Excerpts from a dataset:

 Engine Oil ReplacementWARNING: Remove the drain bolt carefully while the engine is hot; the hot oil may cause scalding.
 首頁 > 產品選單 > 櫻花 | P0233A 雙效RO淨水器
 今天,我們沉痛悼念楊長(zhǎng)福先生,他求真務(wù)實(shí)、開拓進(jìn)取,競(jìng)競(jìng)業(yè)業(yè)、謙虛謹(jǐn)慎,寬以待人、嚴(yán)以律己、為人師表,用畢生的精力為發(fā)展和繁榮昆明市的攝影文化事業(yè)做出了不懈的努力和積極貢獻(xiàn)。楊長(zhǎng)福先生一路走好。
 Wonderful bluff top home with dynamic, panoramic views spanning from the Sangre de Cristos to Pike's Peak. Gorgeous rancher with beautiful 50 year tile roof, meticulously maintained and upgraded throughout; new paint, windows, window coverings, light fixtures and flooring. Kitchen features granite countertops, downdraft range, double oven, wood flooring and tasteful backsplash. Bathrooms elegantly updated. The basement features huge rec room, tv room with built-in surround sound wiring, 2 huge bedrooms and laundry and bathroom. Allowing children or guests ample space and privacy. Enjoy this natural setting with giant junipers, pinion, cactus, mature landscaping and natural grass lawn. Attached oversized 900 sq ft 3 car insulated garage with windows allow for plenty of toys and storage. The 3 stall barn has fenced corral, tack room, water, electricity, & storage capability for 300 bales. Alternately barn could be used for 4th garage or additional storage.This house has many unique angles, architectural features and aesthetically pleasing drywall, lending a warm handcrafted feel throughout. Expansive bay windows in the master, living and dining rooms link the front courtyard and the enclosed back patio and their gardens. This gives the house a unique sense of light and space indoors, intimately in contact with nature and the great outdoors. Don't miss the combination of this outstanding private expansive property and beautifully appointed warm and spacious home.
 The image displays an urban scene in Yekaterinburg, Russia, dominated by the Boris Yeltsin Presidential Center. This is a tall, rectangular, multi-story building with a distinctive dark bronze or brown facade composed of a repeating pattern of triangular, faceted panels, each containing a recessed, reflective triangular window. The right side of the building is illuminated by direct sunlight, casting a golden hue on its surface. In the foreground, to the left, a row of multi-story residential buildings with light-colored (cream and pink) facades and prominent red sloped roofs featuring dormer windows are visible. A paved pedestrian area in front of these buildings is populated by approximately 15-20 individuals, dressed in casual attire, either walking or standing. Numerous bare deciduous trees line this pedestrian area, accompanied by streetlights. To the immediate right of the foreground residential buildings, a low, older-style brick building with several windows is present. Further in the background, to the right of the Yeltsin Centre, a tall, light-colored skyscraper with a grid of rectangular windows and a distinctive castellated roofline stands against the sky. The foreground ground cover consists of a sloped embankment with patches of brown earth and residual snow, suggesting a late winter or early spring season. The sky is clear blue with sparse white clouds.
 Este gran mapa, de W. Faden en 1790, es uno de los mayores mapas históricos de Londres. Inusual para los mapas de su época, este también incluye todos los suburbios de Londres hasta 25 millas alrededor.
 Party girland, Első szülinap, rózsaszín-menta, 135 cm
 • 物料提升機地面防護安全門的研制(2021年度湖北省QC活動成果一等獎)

**About this task**
Print only these lines, please. They run from the start of the entries above to the line containing "今天,我們沉痛悼念楊長(zh", both ends included, and must match exactly.

**Answer below**
 Engine Oil ReplacementWARNING: Remove the drain bolt carefully while the engine is hot; the hot oil may cause scalding.
 首頁 > 產品選單 > 櫻花 | P0233A 雙效RO淨水器
 今天,我們沉痛悼念楊長(zhǎng)福先生,他求真務(wù)實(shí)、開拓進(jìn)取,競(jìng)競(jìng)業(yè)業(yè)、謙虛謹(jǐn)慎,寬以待人、嚴(yán)以律己、為人師表,用畢生的精力為發(fā)展和繁榮昆明市的攝影文化事業(yè)做出了不懈的努力和積極貢獻(xiàn)。楊長(zhǎng)福先生一路走好。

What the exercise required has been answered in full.